Белобрысый отобрал голову Макса у дружка и насадил на себя.

- Давай, лижи, не расслабляйся.

Расслабиться Максу и не дали. Артём достал откуда-то нож и, распоров пояс его джинсов, стащил обрывки вниз. Потом развернул Макса так, чтобы тот оказался к нему спиной и, дёрнув за бёдра, заставил встать на четвереньки. Член Белобрысого тут же выскользнул изо рта Максима. Белобрысый издал недовольный возглас и ударил Макса по лицу.

- Охуел, бля?

- Тихо, тихо, - успокоил его Артем, - помоги лучше. Надо его поставить, чтобы всем удобно было.

Они скрылись где-то между деревьев и вернулись с какой-то грязной доской. Поколдовав немного, перекатили брёвна, на которых сидели вначале, и установили доску сверху.

Максима потянули за руку.

- Пошли, принцесска.

Его заставили влезть на получившееся сооружение. Всё равно было низковато, но париться дальше парни не стали.
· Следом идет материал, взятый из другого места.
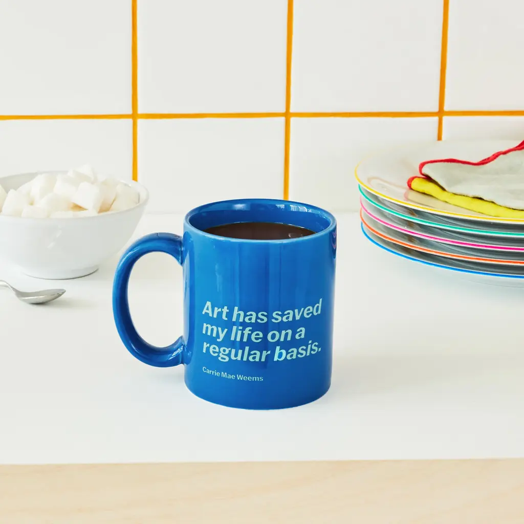 MoMA Exclusive: This boldly colored ceramic mug is printed with a quote from an artist whose work is represented in MoMA’s collection. The Artist Quote Ceramic Mug measures 4h x 3.25w x 4.75"d. and holds 12oz. Dishwasher-safe.

Артём первым устроился позади него. Провёл пальцами по ложбинке между ягодиц – почти нежно. Плюнул и вошёл рывком.

Максимка коротко всхлипнул от боли и затих. Он не произнёс больше ни звука за всю ночь. Только потом, утром, я увидел искусанные до крови губы.

Они пошли по кругу - как в плохой порнухе. Один спереди, другой сзади. Я ещё сколько-то раз пытался вырваться, но чем дальше, тем сильнее мной овладевала апатия. Всё это было дурным сном. В реальности такого быть не могло. И то покорное тело на досках не могло принадлежать Максимке.

И всё-таки всё это было. Я понял это неожиданно ясно, когда услышал вдалеке знакомый голос, звучавший как будто из зазеркалья.

- Уроды, бля, нахер, ёбнулись совсем? – орал Пашка откуда-то из-за деревьев.

Он выскочил на поляну как чёртик из коробочки, и двое незанятые делом тут же обернулись к нему.

Пашка жахнул по дереву рядом со мной оказавшейся у него в руках бутылкой с пивом, так что брызги полетели мне в лицо, а потом резко резанул по верёвкам.

Я чуть не рухнул тут же на землю, не до конца ещё понимая, что происходит, и первый удар Серёге достался всё-таки от Пашки. Потом уже я очухался и, бросившись следом, оттащил ебавшего Макса Белобрысого и врезал ему со всей дури. Макс осел на доски, я видел как разъезжаются его ноги, но было не до того.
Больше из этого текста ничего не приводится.